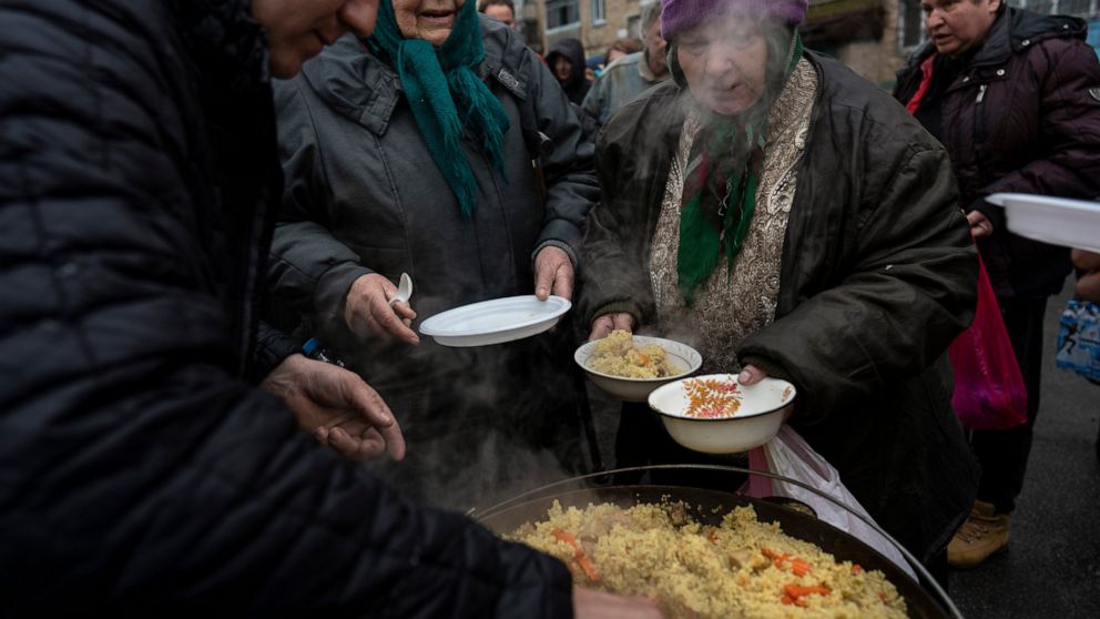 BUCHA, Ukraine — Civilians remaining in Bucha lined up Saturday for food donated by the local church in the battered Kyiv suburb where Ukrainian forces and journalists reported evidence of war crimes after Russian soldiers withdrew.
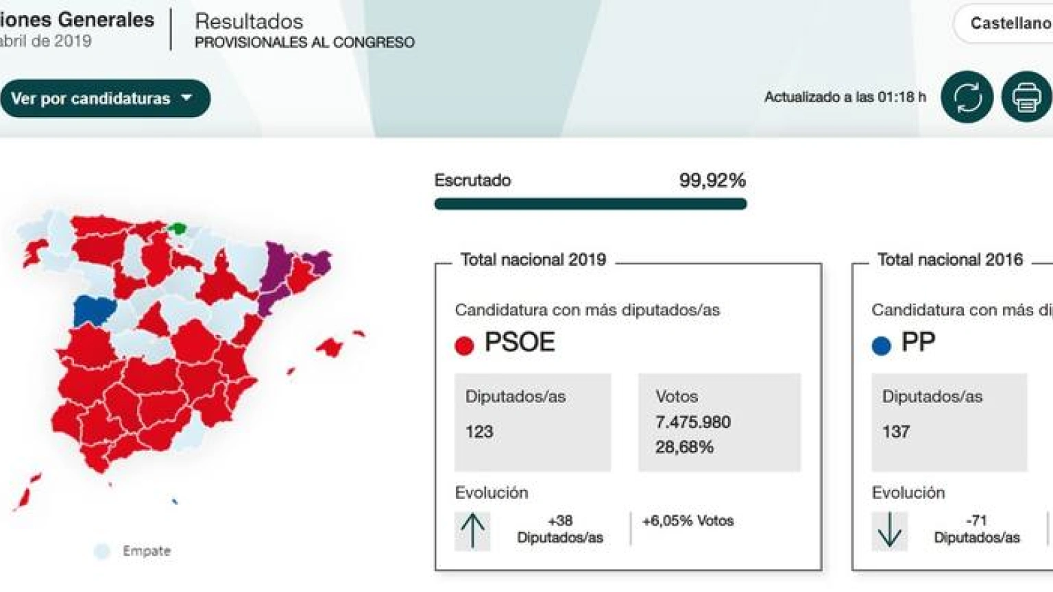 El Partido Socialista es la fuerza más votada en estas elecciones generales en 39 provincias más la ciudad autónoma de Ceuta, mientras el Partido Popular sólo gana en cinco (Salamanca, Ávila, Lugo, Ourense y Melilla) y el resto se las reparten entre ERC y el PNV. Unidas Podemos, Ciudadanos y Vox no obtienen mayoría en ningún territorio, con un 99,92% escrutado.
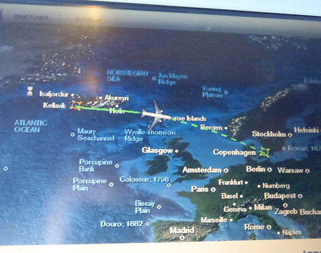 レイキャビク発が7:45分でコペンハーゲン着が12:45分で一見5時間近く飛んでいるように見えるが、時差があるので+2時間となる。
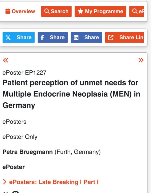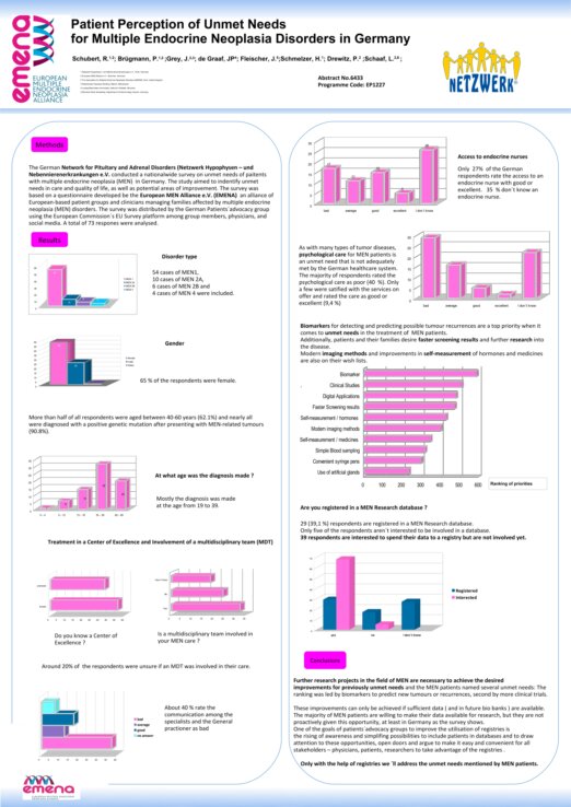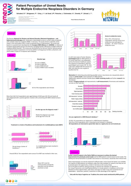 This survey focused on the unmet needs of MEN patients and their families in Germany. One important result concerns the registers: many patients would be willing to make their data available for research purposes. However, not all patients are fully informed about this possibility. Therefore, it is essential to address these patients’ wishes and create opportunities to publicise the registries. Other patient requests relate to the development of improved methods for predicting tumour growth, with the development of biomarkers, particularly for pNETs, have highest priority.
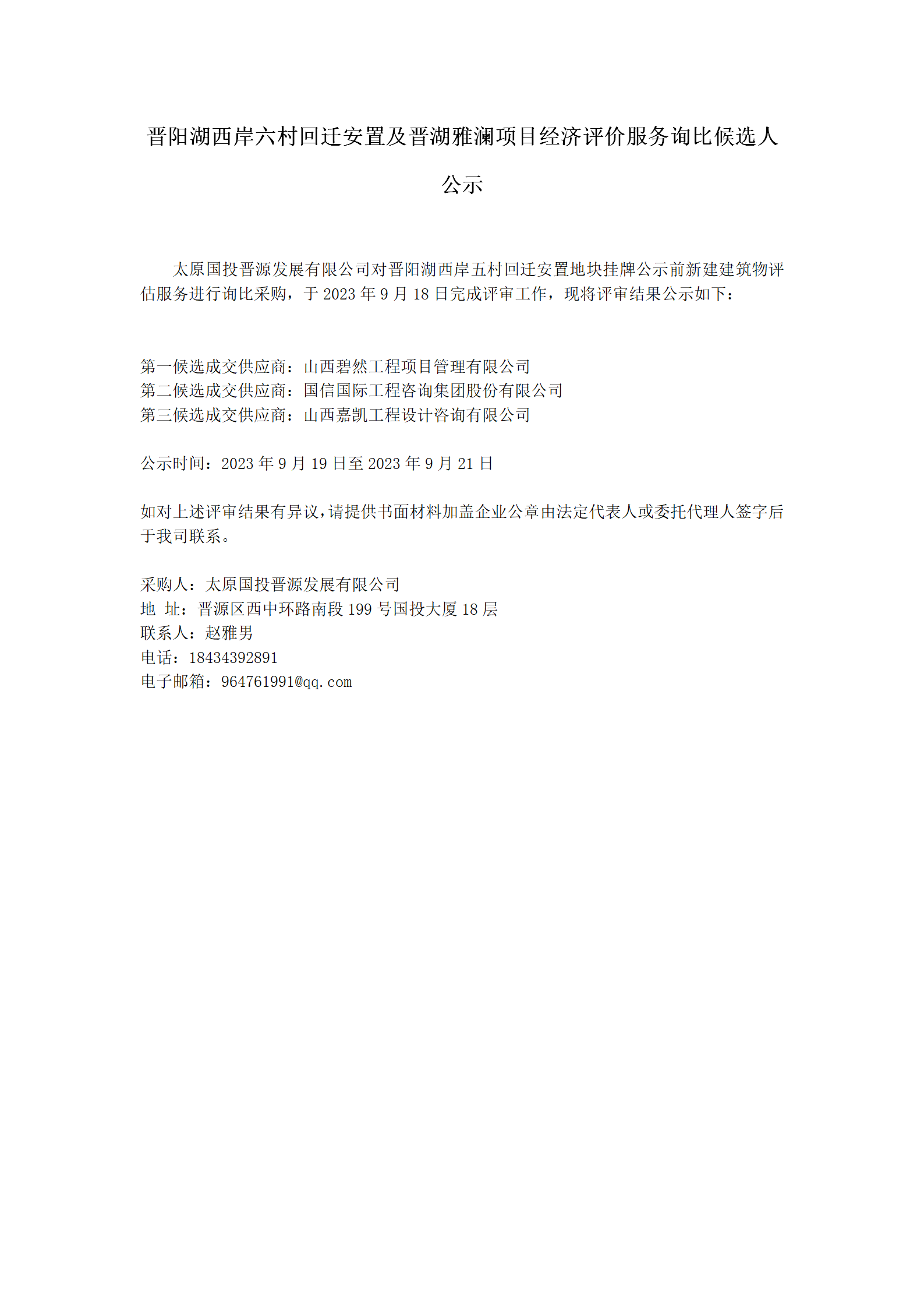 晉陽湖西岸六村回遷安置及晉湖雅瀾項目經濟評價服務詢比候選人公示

» **WHAT IS BEING ASKED**
Copy nothing but the lines from the start of the entries through the line with "レイキャビク発が7:45分で". Write them out exactly, without pictures.

» **ANSWER SPACE**
 BUCHA, Ukraine — Civilians remaining in Bucha lined up Saturday for food donated by the local church in the battered Kyiv suburb where Ukrainian forces and journalists reported evidence of war crimes after Russian soldiers withdrew.
 El Partido Socialista es la fuerza más votada en estas elecciones generales en 39 provincias más la ciudad autónoma de Ceuta, mientras el Partido Popular sólo gana en cinco (Salamanca, Ávila, Lugo, Ourense y Melilla) y el resto se las reparten entre ERC y el PNV. Unidas Podemos, Ciudadanos y Vox no obtienen mayoría en ningún territorio, con un 99,92% escrutado.
 レイキャビク発が7:45分でコペンハーゲン着が12:45分で一見5時間近く飛んでいるように見えるが、時差があるので+2時間となる。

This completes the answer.